Prepare the data for scatter plots

We will use the average of the 6 intensities as the x-axis and plot each dilution series (the different reporter ion channels) against that average vector. We will use different colors for each dilution series channel and overlay 6 scatter plots in one figure. We will show the scatter plots with linear axis scales, so we can better see the behavior of the underlying data. We will add a straight trend line for each series.

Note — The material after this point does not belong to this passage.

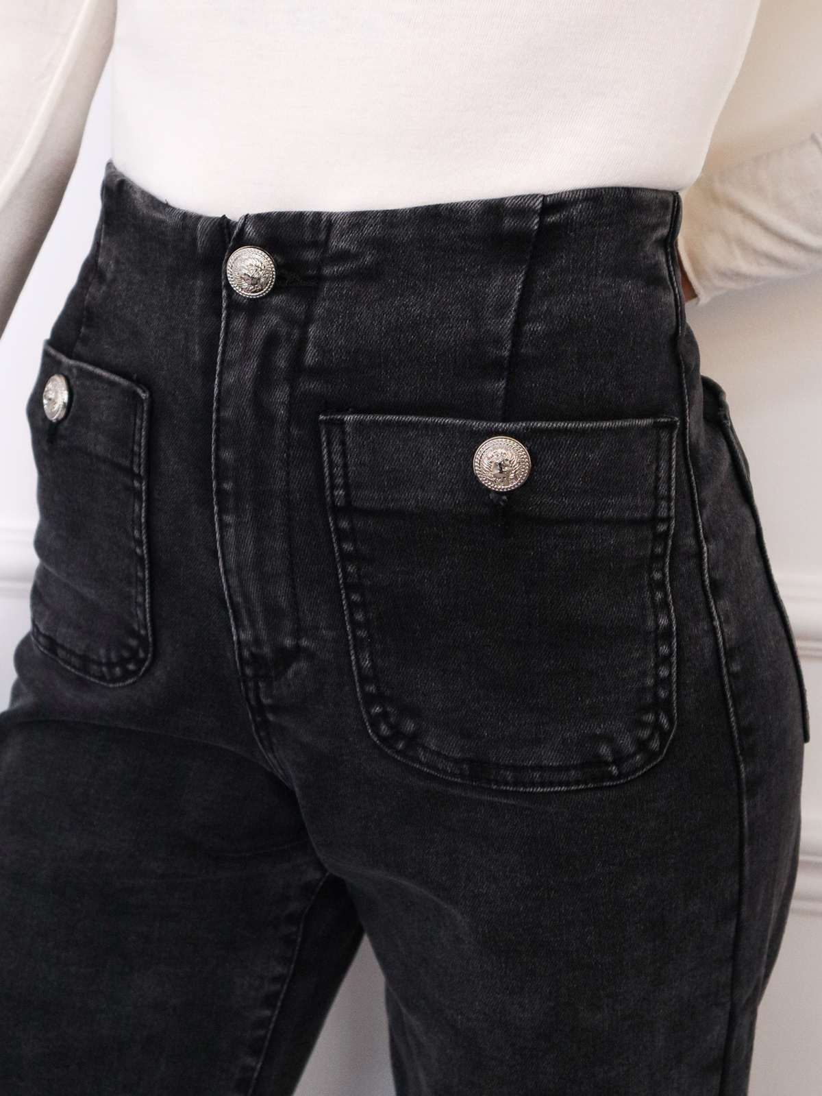 SPODNIE JEANSOWE Z OZDOBNYMI GUZIKAMI I KIESZENIAMI Z PRZODU- CZARNE

Make a function for the plotting because we will call it three times

In [8]:
# helper function for scatter plots
show_scatter <- function(df, title) {
    # makes linear scale scatter plots (all series against reference)
        # df - tidy data frame with intensities and average reference vector
        # title - plot title
    
    # add the reference column (average) and put into long form for ggplot
    df$ref <- rowMeans(df)
    gg_df <- gather(df, key = dilution, value = intensity, a_25:f_2.5)
    
    # make the full range scatter plot
    full  <- ggplot(data = gg_df, aes(x = ref, y = intensity)) +
        geom_point(aes(color = dilution, shape = dilution), alpha = 0.5) +
        geom_smooth(aes(color = dilution), method = "lm") +
        ggtitle(title)

    # expanded scale
    expanded <- ggplot(data = gg_df, aes(x = ref, y = intensity)) +
        geom_point(aes(color = dilution, shape = dilution), alpha = 0.5) + 
        geom_smooth(aes(color = dilution), method = "lm") +
        coord_cartesian(xlim = c(0, 500000), ylim = c(0, 500000)) +
        ggtitle(str_c(title, " (expanded scale)"))
    
    print(full) 
    print(expanded)
}

Look at the PSMs first

We have not done any filtering for the PSMs other than removing zeros. They are the raw peak heights. There will be duplicates of the same peptides. There will also be signals from contaminants and decoys.

In [9]:
# scater plots for PSMs
show_scatter(psms, "raw PSMs")

The PSM data from different dilutions are separate

The different dilution series are separating by intensities. The separation is better for more intense PSMs and the scatter in the data increases as the intensities gets smaller towards the origin. Overall, the data has a lot of variability.

Peptides next

These have been filtered a bit more than the PSMs were. The peptides are aggregated from just the 1% FDR PSMs. Matches to contaminants and decoy have been removed. We have done parsimonious protein inference and an additional protein grouping step. Shared and unique peptide status were determined from the final list of reported proteins. Any shared peptides have been excluded (this was done in Excel before exporting the CSV file). These are only the peptides associated with the confidently identified and quantifiable proteins.

In [10]:
# scater plots for peptides
show_scatter(peptides, "Peptides")

Peptides look much better than PSMs

Peptides look a lot better than raw PSMs. That may not be a completely fair conclusion, however. We might want to do more work and select just the PSMs associated with these peptides to see whether it was the filtering of the peptides or the aggregation of PSMs up to peptides that is making the peptide data look better than the PSM data.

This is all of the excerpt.